To calculate ΔH for the reaction C2H6 → C2H2 + 2H2 using Hess's Law, we need to use the given equations and manipulate them to obtain the desired reaction.
First, we need to reverse the direction of the second equation:
2CO2 + H2O → C2H2 + 5/2O2
Then, we multiply the first equation by 2 and the third equation by 2:
2(C2H2 + 5/2O2 → 2CO2 + H2O)
2(C2H6 → C2H2 + 2H2)
Now, we can add the equations together, canceling out any species that appear on both sides of the reaction:
2C2H6 + 7O2 → 4CO2 + 6H2O
2C2H2 + 5O2 → 4CO2 + 2H2O
Next, we want to eliminate the extra O2 and H2O in the second equation. We can do this by doubling the first equation and canceling out the appropriate species:
4C2H2 + 10O2 → 8CO2 + 4H2O
2C2H2 + 5O2 → 4CO2 + 2H2O
Finally, we subtract the second equation from the first equation:
2C2H6 + 7O2 - (2C2H2 + 5O2) → 4CO2 + 6H2O - (4CO2 + 2H2O)

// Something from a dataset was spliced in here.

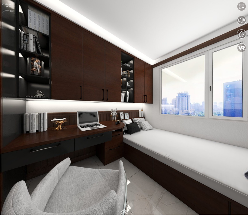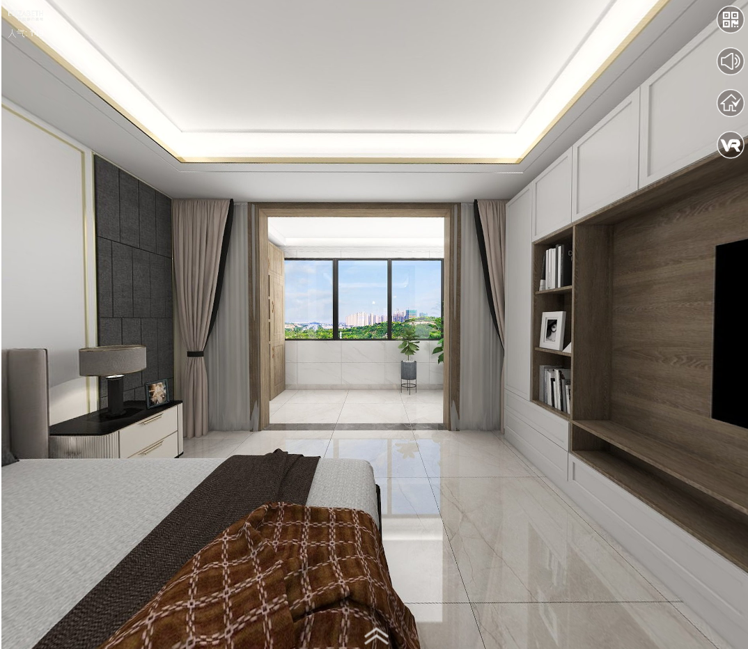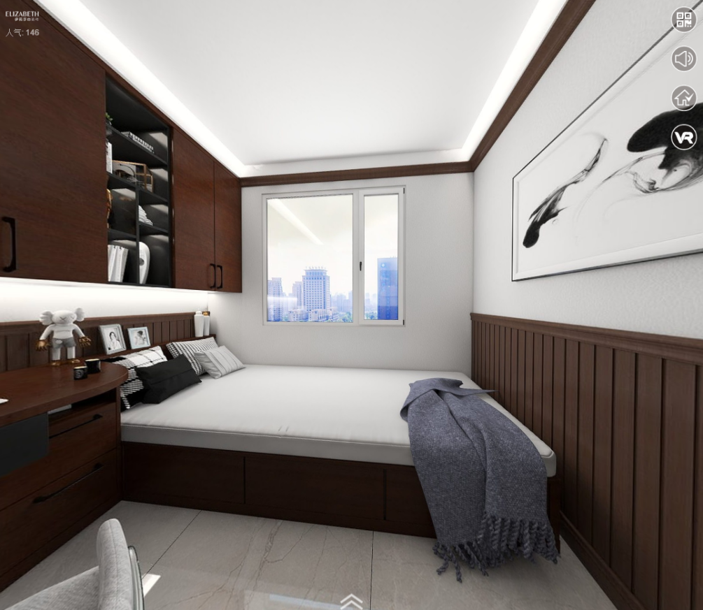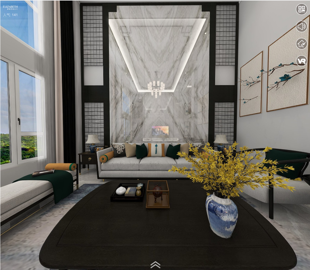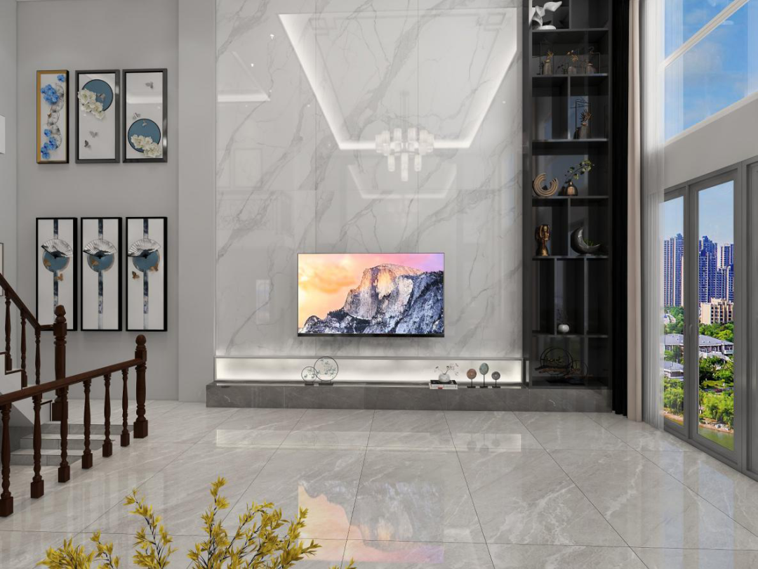 750*1500mm“卡里姆灰”大板一鍵應(yīng)用首次全空間地面,一磚8紋延伸鋪貼,盡顯高檔大氣;亮光磚面在窗外自然光的照射,帶來干凈明亮的視覺感受;電視背景墻選用超大規(guī)格1200*2400mm連紋大板“魚肚白”豎貼兩片到頂,三片大板縱橫向連紋,簡約時尚,至簡至美。
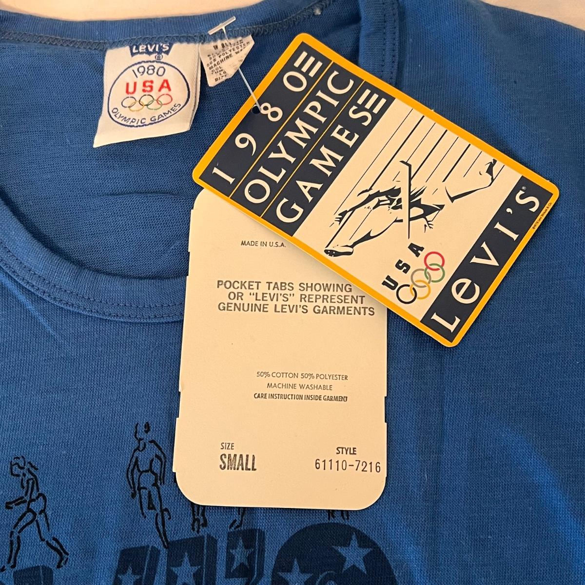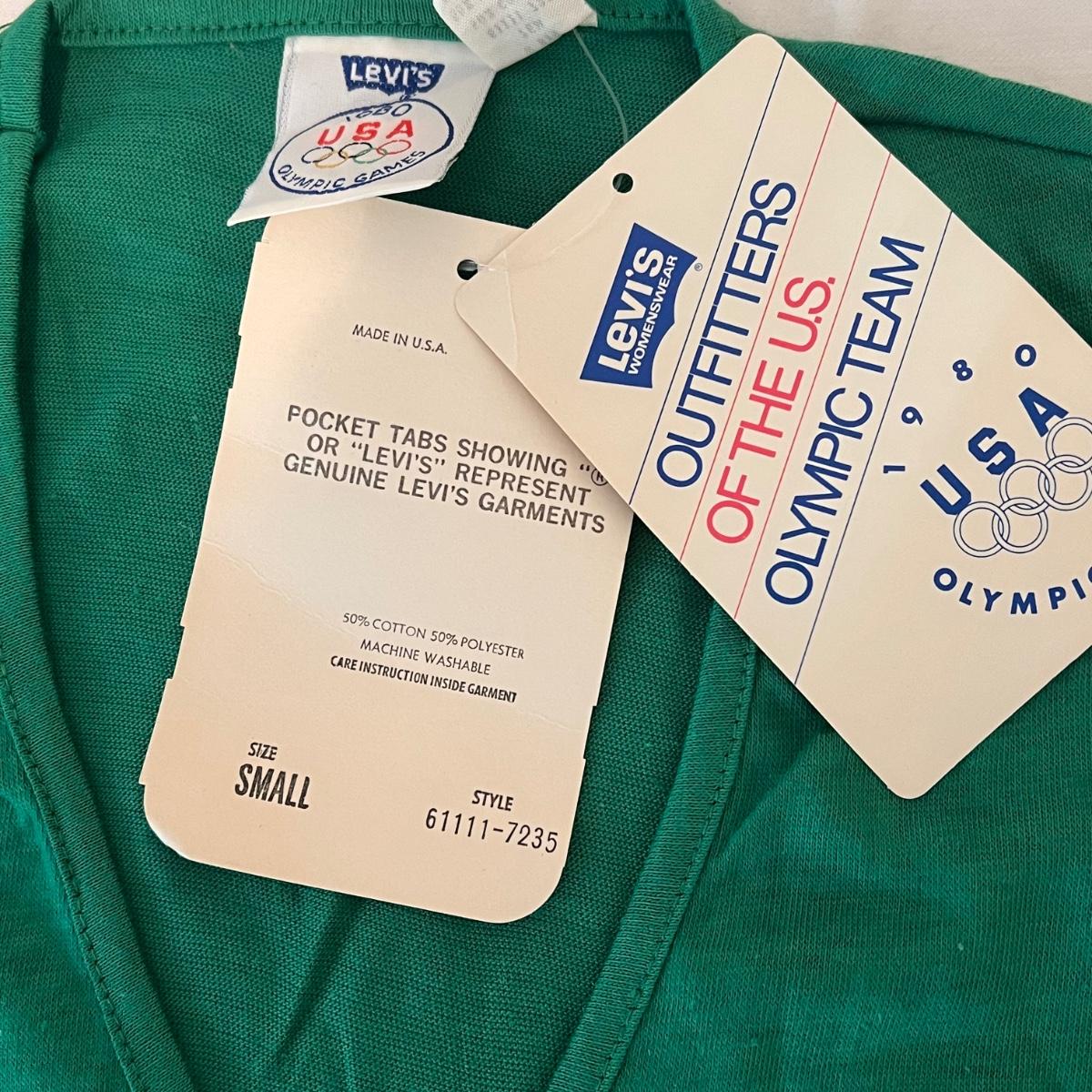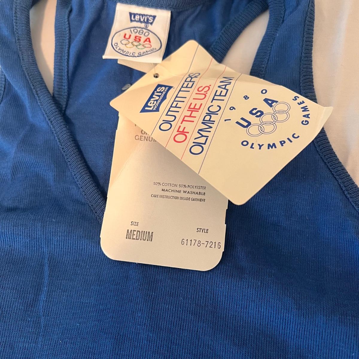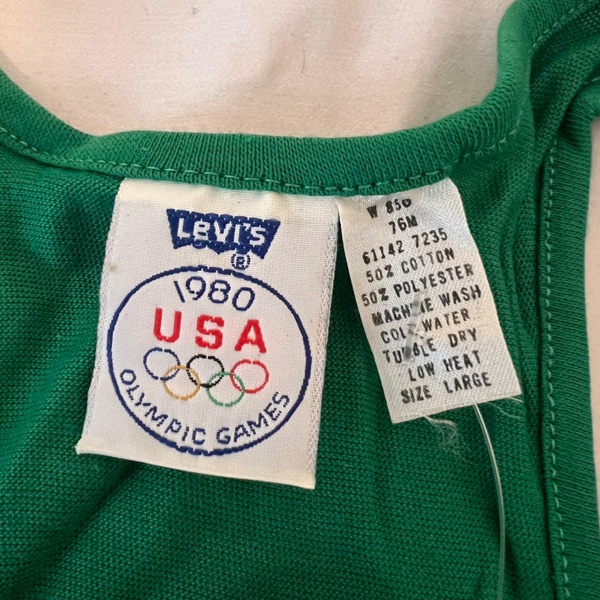 This lot includes ten pieces of Levi’s USA Olympic clothing from the 1980’s in junior sizes. There are tank tops and cropped shirts. They all appear to be unworn and several have their purchase tags attached. Sizes range from Junior Small to Junior Large. Shipping available.

Simplifying the equation, we get:
2C2H6 + 7O2 - 2C2H2 - 5O2 → 4CO2 + 6H2O - 4CO2 - 2H2O
Cancelling out the like terms:
2C2H6 - 2C2H2 + 7O2 - 5O2 → 6H2O - 2H2O
Simplifying further:
2C2H6 - 2C2H2 + 2O2 → 4H2O
The ΔH for the reaction C2H6 → C2H2 + 2H2 can be calculated by summing the enthalpies from the reactions we used to manipulate the equations:
ΔH = -(3120 kJ) - (-1300 kJ) - (-572 kJ)
ΔH = -3120 kJ + 1300 kJ - 572 kJ
ΔH = -2392 kJ
Therefore, the ΔH for the reaction C2H6 → C2H2 + 2H2 is -2392 kJ.